Self-regulation helps reduce moral hazard

by Jolyon on 13 February, 2010

Self-regulation has been much maligned, thinks John Kay of the FT in a thoughtful article in early December 2009 on government intervention in the financial crisis.

He thinks it bad because it distorts competition, increases moral hazard and disrupts private sector initiatives which might be better and less costly.

Oh, yes, and it’s very expensive.

Talking of the potential exaggeration of moral hazard (you want to be seen as in dire straits in order to trigger the bailout), he comments pithily:

“Too big to fail” is a powerful barrier to entry, because no newcomer to an industry begins by being too big to fail. The lending operations of banks are profitable once more – who couldn’t trade profitably if the government underpinned their liabilities? Pity Warren Buffett, whose debt is downgraded because his well-run insurance business remains in private hands while his principal competitor, the failed AIG, basks in the credit of the US Treasury.

His over-arching conclusion is that “the principal mechanism of risk control is self-regulation by the sector”, i.e. each party ensuring that its counterparty is someone with whom it is safe to do business.

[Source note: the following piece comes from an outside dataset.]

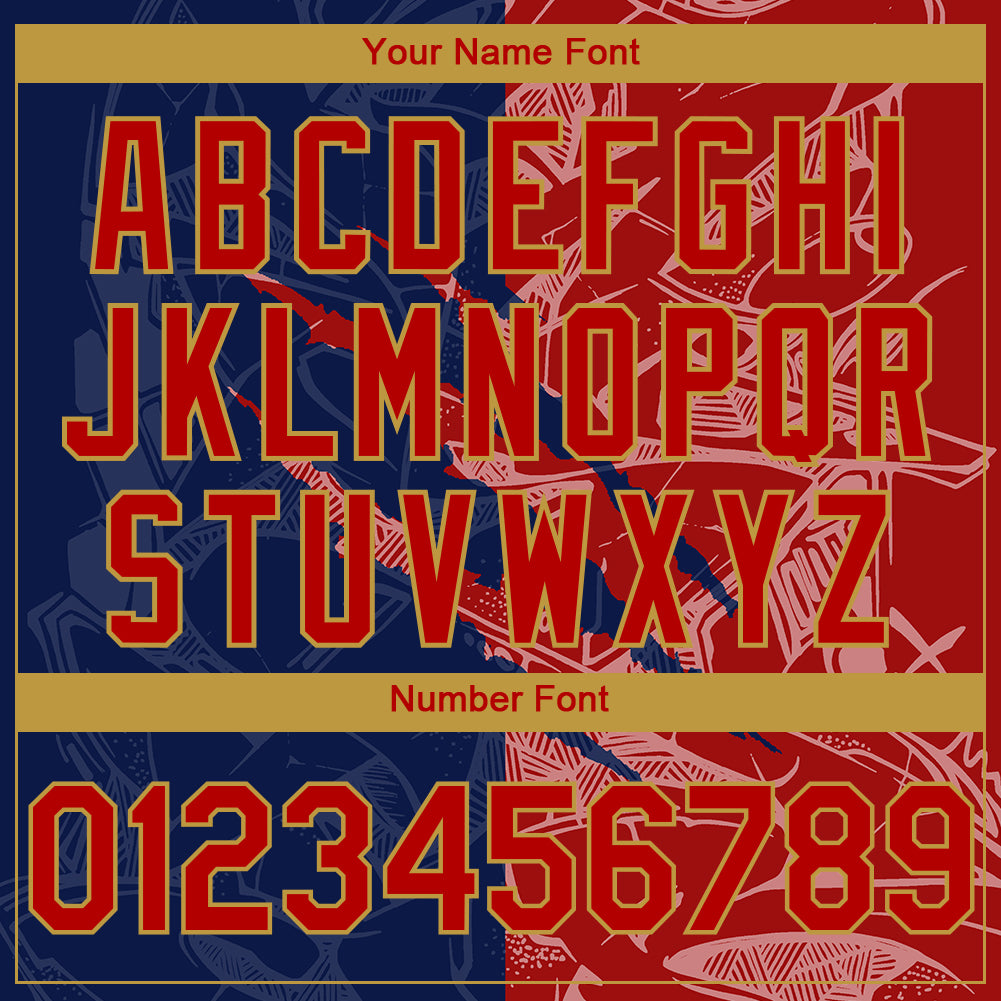 Custom Stitched Graffiti Pattern Red Navy-Old Gold 3D Scratch Sports Pullover Sweatshirt Hoodie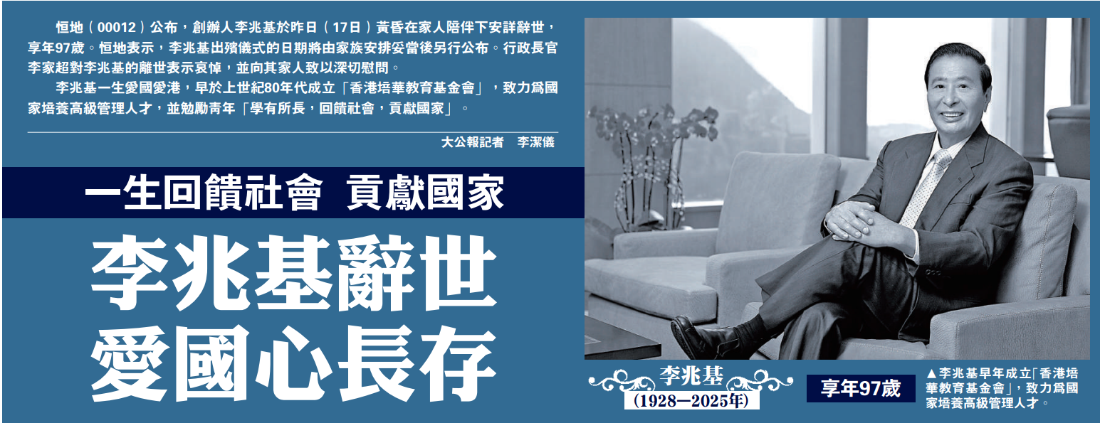 香港商界巨頭,一位是李兆基,今年3月17日以數(shù)不盡的榮譽(yù)和光環(huán)安詳辭世,留給后人太多太多的懷念和崇敬,此生無憾此生值得此生無價(jià)!

The failure to exert proper diligence was the product of optimistic beliefs about what regulation and complex risk-control mechanisms could achieve, the nationalisation of many mechanisms of self-regulation, and the inappropriate delegation of regulatory responsibilities to rating agencies, combined with the hubris that is part of every era of financial folly. But instead of renewing these self-regulatory mechanisms, we have effectively abolished them. That will prove an expensive choice.